For e.g. [`tabnanny.py`](https://github.com/python/cpython/blob/2.1/Lib/tabnanny.py#L80C5-L82) has a state machine in global variables.

### Eager Evaluation

In PEP-0255, the authors suggested an alternative to "produce an entire parse of the Python program at once, in a large list" <sup>[source](https://peps.python.org/pep-0255/#motivation)</sup>. This solves the state management issue.

Can you imagine why this would be problematic?

1. Large inputs may not fit in memory because the memory allocation cannot be precomputed.
2. The whole output may not even be necessary.
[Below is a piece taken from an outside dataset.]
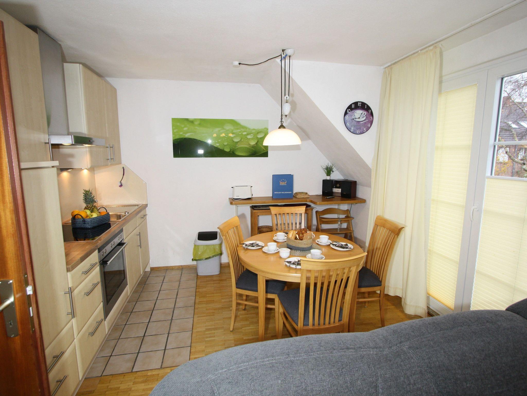 Sie wohnen in einem 3-Zimmer-Appartement für bis zu 4 Personen auf ca. 49 m² im Dachgeschoss des Friesenhauses. Beide Schlafzimmer sind mit Boxspringbetten ausgestattet, in den Größen 140 cm x 200 cm und 180 cm x 200 cm. Wohnraum mit gemütlicher Couch und Kamin, separater Essplatz, voll ausgestatteter Küchenbereich mit Mikrowelle, Dusche/WC, Balkon, SAT-Flachbild-TV. Für die Zeit vom Mai bis September steht ein kostenloser Strandkorb L415 im Sandstrand beim Döser Strandhaus im Feld 60 zur Verfügung.
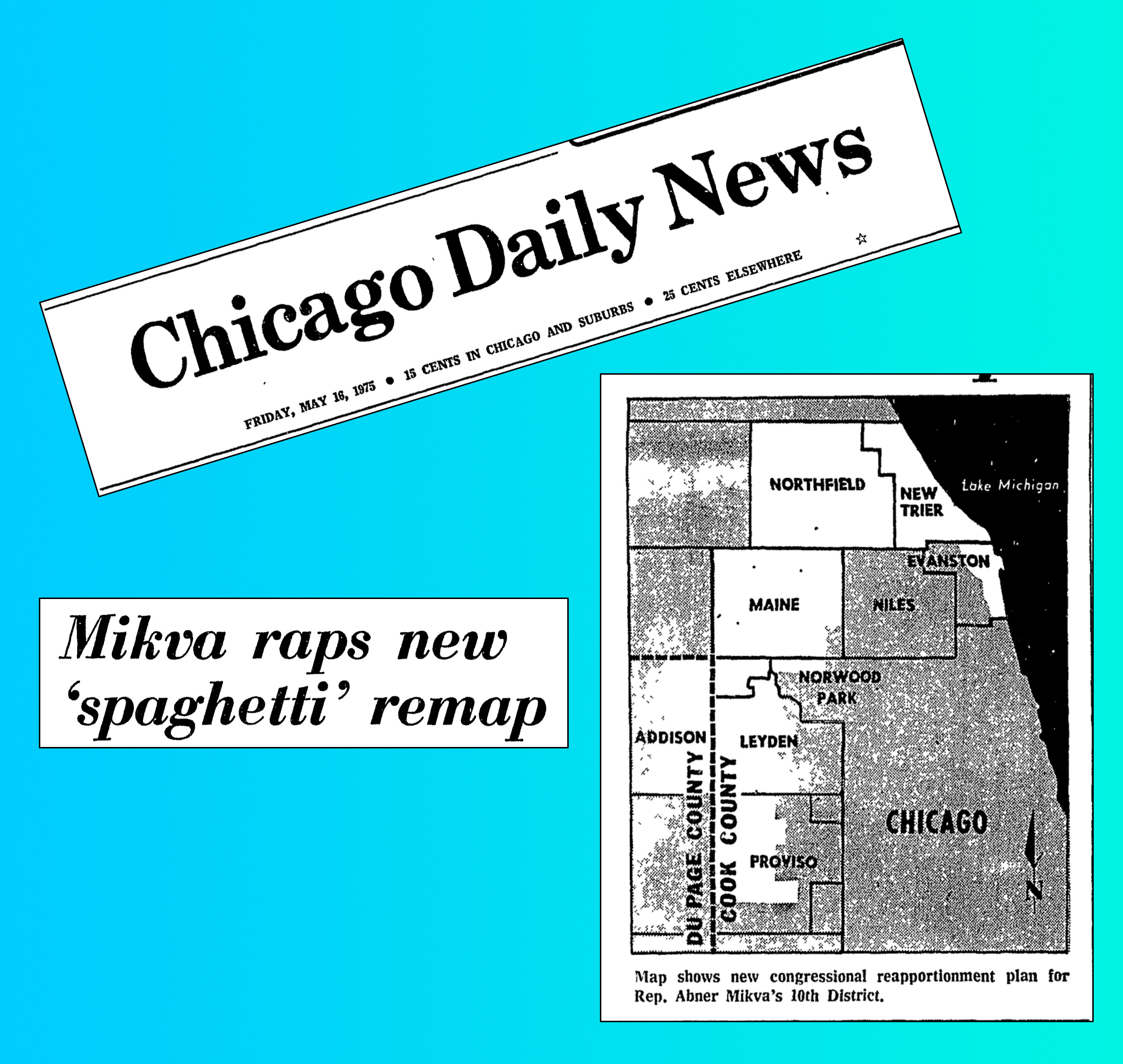 A few weeks later, Mikva called the map’s second version “a joke,” adding, “That’s not a map, that’s a spaghetti.” The second map created a 10th District that tossed Mikva together with next-door Republican U.S. Rep. Henry Hyde, who was plucked out of his 6th District.

### A Simple Generator Function

In [11]:
def fruit_box():
    yield "banana"
    yield "mango"
    yield "kiwi"

In [12]:
type(fruit_box), type(fruit_box())

(function, generator)

In [13]:
for fruit in fruit_box():
    print(fruit)

banana
mango
kiwi


In [14]:
def veggie_box():
    yield "onion"
    yield "spinach"
    

def grocery_list():
    yield from fruit_box()
    yield from veggie_box()
    
    
def grocery_list2():
    for fruit in fruit_box():
        yield fruit
    for veggie in veggie_box():
        yield veggie

In [15]:
list(grocery_list()), list(grocery_list2())

(['banana', 'mango', 'kiwi', 'onion', 'spinach'],
 ['banana', 'mango', 'kiwi', 'onion', 'spinach'])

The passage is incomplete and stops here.